What is documentation drift?
Documentation drift is the gap between what you said to build and what actually got built. It happens naturally:
- Someone changes a constant but doesn't update the docs
- A feature gets descoped but the docs still describe the full version
- A new developer implements something differently than documented
- An AI coding agent builds code from a conversation that's now gone
Over time, docs and code quietly diverge. Nobody notices until something breaks.
How Arnold detects drift
When you run /arnold:check, Arnold:
- Reads all docs - Every markdown file in your
docs/folder - Extracts claims - Specific, verifiable statements like "sessions expire after 24 hours" or "maximum 20 spots per class"

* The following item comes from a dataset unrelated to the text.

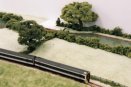 the scenery to the right of the layout with its characteristic woodland hillside. The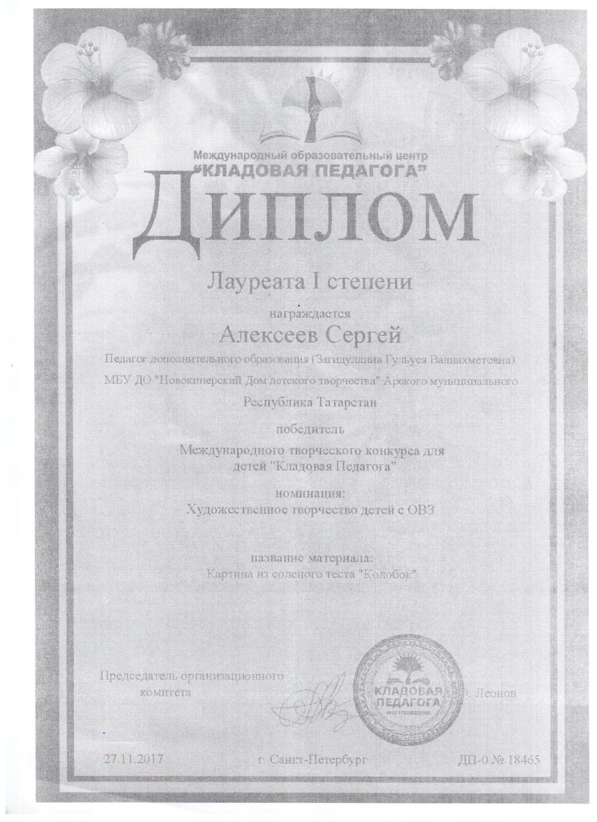 Лауреат 1 степени международного конкурса "Кладовая Педагога"

- Reads all code - Source files, configs, constants, function signatures
- Matches claims to code - Finds the code that corresponds to each claim
- Reports mismatches - With file references, line numbers, and specific values
The three categories
🔴 DRIFTED
Docs say one thing, code says another. These are the critical items - an explicit mismatch between intent and implementation.
🟢 ALIGNED
Docs and code agree. Arnold found evidence in the code that matches the documented behavior.
🟡 GAPS
Something is documented but has no code (or code exists without docs). Not a conflict - just an incompleteness.
Snapshots
After each /arnold:check, Arnold creates a snapshot. This makes subsequent checks faster - only changes since the snapshot need to be analyzed. Use /arnold:diff for a quick snapshot-based check between full checks.